Supplied information.
=-=-=-=-=

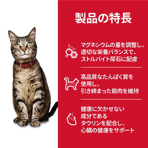 | 特長 | ●マグネシウムの量を調整し、適切な栄養バランスで、ストルバイト尿石に配慮しました。 ●高品質なたんぱく質を使用し、引き締まった筋肉を維持します。 ●健康に欠かせない成分であるタウリンを配合し、心臓の健康をサポートします。 ●ビタミンEとオメガ3&6脂肪酸を含み、健康な皮膚と美しい被毛をサポートします。 |
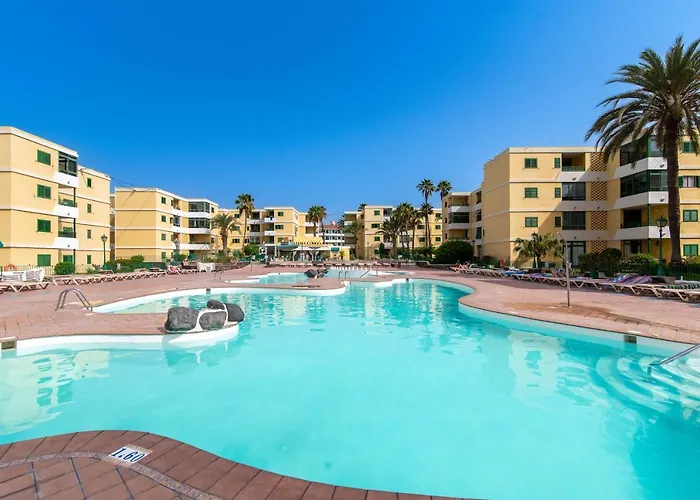 Bij Home2Book Colourful Apt Playa Del Ingles, Pool kunnen gasten gebruik maken van self-catering voorzieningen, waaronder een ingerichte keuken, en genieten van hun maaltijden in een eethoek buiten. Shopping Centre Plaza Maspalomas bushalte is op 250 meter ervandaan gelegen.
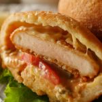 Place cheddar cheese slice,jalapenos,chicken patty,pickled cucumber,tomato slice,prepared sauce, mozzarella cheese slice,gather and seal all edges.

=-=-=-=-=

Could you return the entire listing above verbatim while dropping each picture?

 | 特長 | ●マグネシウムの量を調整し、適切な栄養バランスで、ストルバイト尿石に配慮しました。 ●高品質なたんぱく質を使用し、引き締まった筋肉を維持します。 ●健康に欠かせない成分であるタウリンを配合し、心臓の健康をサポートします。 ●ビタミンEとオメガ3&6脂肪酸を含み、健康な皮膚と美しい被毛をサポートします。 |
 Bij Home2Book Colourful Apt Playa Del Ingles, Pool kunnen gasten gebruik maken van self-catering voorzieningen, waaronder een ingerichte keuken, en genieten van hun maaltijden in een eethoek buiten. Shopping Centre Plaza Maspalomas bushalte is op 250 meter ervandaan gelegen.
 Place cheddar cheese slice,jalapenos,chicken patty,pickled cucumber,tomato slice,prepared sauce, mozzarella cheese slice,gather and seal all edges.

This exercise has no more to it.